До нуреевского «Дон Кихота» в театре Станиславского почти 40 лет (с июля 1981 года) шел классический «Дон Кихот», основанный на хореографии Александра Горского (в редакции худрука балета этого театра в 70–80-е годы Алексея Чичинадзе), и замена этого любимого в театре спектакля на «самопальную» нуреевскую хореографию вызвала в определенной части балетной труппы раздражение и непонимание. У нас долгое время было принято считать, что попавшие на Запад «перебежчики» в лице Нуреева, Барышникова и Макаровой помнили в классических балетах только партии, которые они исполняли сами, и своевольно заменяли в своих редакциях классическую хореографию на хореографию собственного пошиба, искажая таким образом классическое наследие.
Как показала автор наиболее авторитетной биографии Нуреева Джули Кавана, для Венского театра в 1966 году, где артист впервые представил этот балет западному зрителю, ему удалось раздобыть снятый пиратским способом фильм, тайно посланный его учителем Александром Пушкиным через канадскую танцовщицу Анну-Марию Холмс, которая тогда училась в Ленинграде. Более того и Пушкин, и его жена Ксения от руки переписывали для Рудольфа партии, описывая па по-русски и по-французски. Холмс утверждает, что постановка Нуреева 1966 года «почти не отличалась от этого фильма. Только там, где получился разрыв из-за того, что меняли пленку, он придумал что-то свое». Глядя на постановку, которую Илер перенес из Парижской оперы, тем не менее и невооруженным глазом видно насколько она отличается от версий, принятых в России.
Нуреевская постановка была первой полномасштабной постановкой этого балета, предпринятой на Западе. Через 4 года после Вены он перенес ее в Балет Австралии, где с самого начала и собирался ставить спектакль, хотя осуществить свой замысел ему удалось лишь в 1970 году (во время репетиций ему пришла горькая весть о смерти любимого учителя Александра Пушкина).

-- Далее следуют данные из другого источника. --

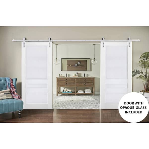42 in. x 96 in. 2 Panel White Solid Wood Sliding Barn Door with Hardware Kit
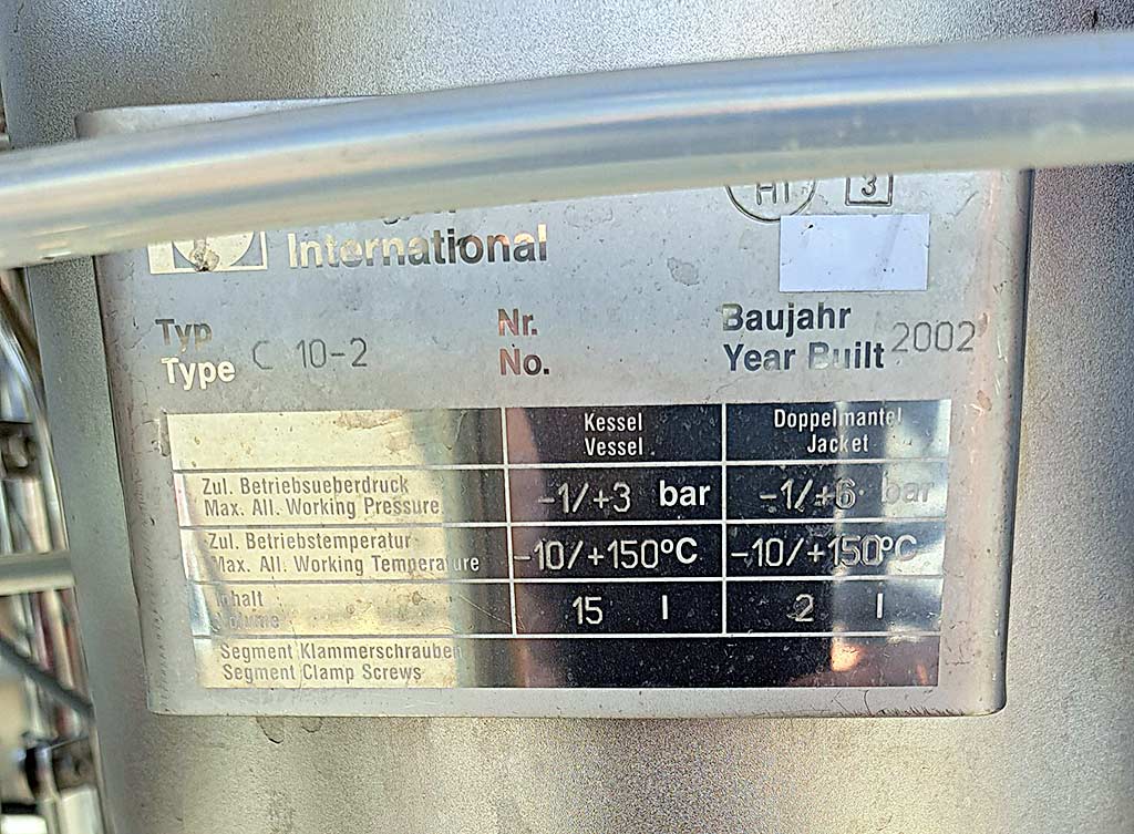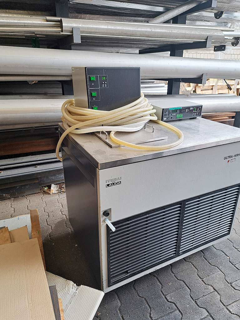 | Opis Various machines for laboratory use and pilot processes are available. 1) Bioreactor system B. Braun Biotech Biostat 72L/Biostat C-CDU, year of construction: 2001, useful volume: 72l, control: Biostat C-CDU 1137. 2) Forced-air drying cabinet Heraeus (Kendro) UT 20, useful volume: 210l, internal dimensions X/Y/Z: approx. 610mm/510mm/680mm, max. temperature: 250°C, machine dimensions X/Y/Z: approx. 770mm/940mm/800mm. 3) Ultra cryostat Lauda K 75 with a cooling thermostat Lauda RUK 40S, bath volume: approx. 30l, min. temperature: -90°C. 4) Centrifuge CEPA 8L G, year of construction: 1985, speed: 17000rpm, drum diameter: 125mm, max. filling capacity: 10kg, power: 2.2kW. Documentation available. An on-site inspection is possible. Sale of individual units possible. |
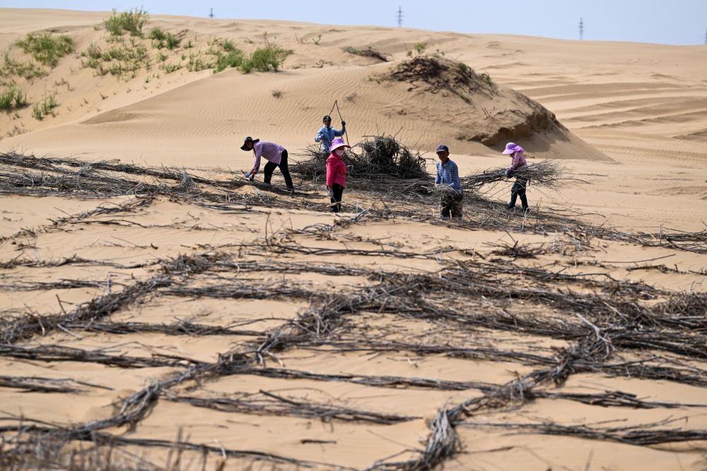 6月7日,在鄂爾多斯市達(dá)拉特旗境內(nèi)的庫布其沙漠,工人在治沙。新華社記者 李志鵬 攝
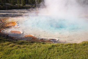 It is a several-hour drive from Glacier to Yellowstone, but the scenery is so absorbing that the time passes quickly. Montana is gorgeous, and there are many spectacular mountains beside those in Glacier. The plains are beautiful with rolling hills, great green pastures, and trim ranch houses. As we got closer to Yellowstone, the mountains and forests again took over the view, and we saw several of the famous and beautiful rivers that have inspired writers, painters, photographers, and fly fisherman from as far back as Lewis and Clark – The Yellowstone, the Gallatin, the Madison – and we would soon see the Fire Hole.
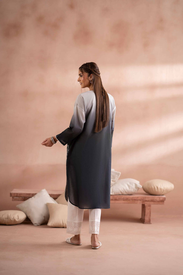 Elegant Long Embroidered Shirt with a Round Hem, Featuring a Round Neckline with Slit and Piping, Accentuated with Delicate Lace Detailing on the Hem and Sleeves.
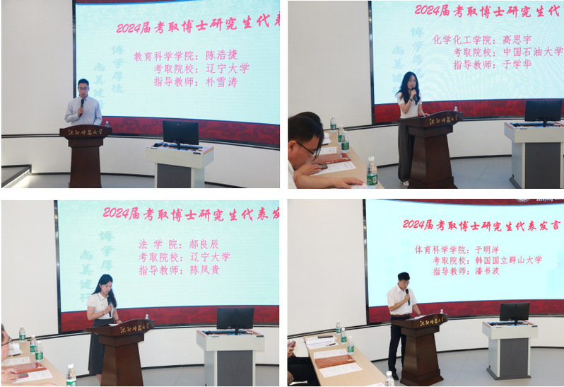 会上,来自教育科学学院、化学化工学院、法学院、体育科学学院的4名考取博士研究生同学,分别结合自身的求学经历、科研成果产出、考博准备、导师指导、读博期间的规划等方面进行了交流分享,表示不会辜负母校和老师们的期望,更好地为母校的事业发展贡献自己的一份力量。生命科学学院姚志远作为硕士研究生导师代表,鼓励研究生要发表高质量学术论文,要全程参与论文写作与发表过程,要提前进入实验室、注重前期积累,要积极参加校外联培、拓宽学术视野,研究生导师要注重与学生沟通、交流,多为学生做思想工作。
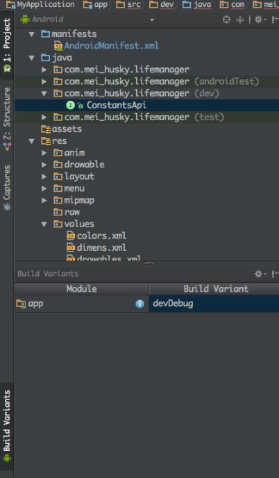 比如我的工程src/main下面结构可能是这样: - /MyProject/MyApplication/app/src/main/java/com/mei_husky/lifemanager 那么src/dev文件夹下的目录结构最好也是: - /MyProject/MyApplication/app/src/dev/java/com/mei_husky/lifemanager

Еще через год выпустил премьеру в Балете Марселя, а в 1972 году снял по австралийской постановке фильм, дебютировав в качестве кинорежиссера. В дальнейшем Нуреев перенес свою постановку в Цюрих, Осло, а в 1981 году — в Парижскую оперу (премьеру танцевали Ноэлла Понтуа и Сирил Атанасов), и это была первая многоактная классическая постановка Нуреева для легендарного театра, предпринятая им еще за два года до того, как он возглавил в нем балетную труппу и начал формирование парижского классического репертуара.
С тех самых пор хореография Нуреева возведена во Франции в ранг национального достояния, где ни на йоту нельзя менять ни единого па, за чем зорко и строго следили на репетициях в «Стасике» как сам Илер, так и приглашенная им в качестве педагога-репетитора знаменитая французская балерина Изабель Герен.
Прежде всего зрителей поразили костюмы и сценография Николаса Георгиадиса. Здесь чувствовался вкус самого Нуреева, который явно учитывал художник в своей работе. Все в нуреевском «Дон Кихоте» сделано с избыточной роскошью, «дорого-богато». Чрезмерная дороговизна спектакля, кстати, повлияла и на то, что выход первого нуреевского балета в России задержался почти на год: у театра банально не хватало денег на его постановку.
Росший в нищете Нуреев, попав на Запад, возлюбил роскошь и богатство, о чем со всей очевидностью свидетельствовала, например, обстановка в его парижской квартире на набережной Вольтера, 23, которую тот же Георгиадис и помогал ему оформлять. Утонченный знаток и любитель искусства, великий танцовщик тем не менее так и не смог преодолеть своих детских комплексов, так что презираемая древними эллинами чрезмерность всегда и во всем стала ахиллесовой пятой балетмейстера и «перла изо всех щелей» во всех нуреевских постановках, зачастую находящихся на грани пошлости и китча, впрочем, эту опасную черту никогда не переступающие.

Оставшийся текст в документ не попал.